1 Introduction

Leksell Gamma Knife (LGK) radiosurgery system serves as an alternative to neurosurgery for various intracranial diseases such as malignant and benign brain tumors, cerebrovascular malformations, and trigeminal neuralgia [1,2,3,4,5], and patients do not require general anesthesia and usually receive treatment while awake. The LGK equips approximately 200 radioactive cobalt-60 sources emitting gamma rays, and these gamma rays converge at a radiation focal point (RFP), called the “unit center point (UCP)” whose coordinates are (100.0, 100.0, 100.0) in the LGK coordinate system [6], to deliver a high-dose focused radiation to the target while minimizing radiation damage to surrounding healthy tissue.

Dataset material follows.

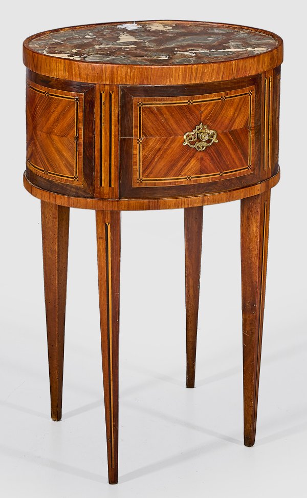 Rosenholz und Palisander, furniert. Bombierter, eintüriger Korpus auf hohen, konischen Vierkantbeinen. Flächendeckend breit gerahmte, gespiegelt angeordnete Furnierfelder, von ornamentierten Bandeinlagen begrenzt. Dem Korpus entsprechende, ovale Deckplatte aus rotbraunem, grauem und weiß gemasertem Marmor mit flacher Galerierahmung. Innen Teile alter Zinkauskleidung. H. 72 cm. 45 cm x 34,5 cm.

To achieve precise dose delivery, patients are immobilized using a lightweight frame (Leksell Coordinate Frame (Elekta AB, Stockholm, Sweden) attached to the head with four pins. The treatment plan needs to be generated based on the stereotactic magnetic resonance images (MRI) or computed tomography (CT) that are taken with the frames attached, and the frames must remain in place until treatment planning and treatment are complete. Thus, patients spend a long time with the frames on, and the burden on the patient is high. The frame enables precise fixation of the patient’s head during the treatment procedure [7]; therefore, a margin for gross tumor volume is not required to compensate for the uncertainty in patient head positioning, in principle [8]. Rigorous geometric quality assurance (QA), confirming that the RFP of the gamma rays corresponds to UCP, is essential for treatment accuracy.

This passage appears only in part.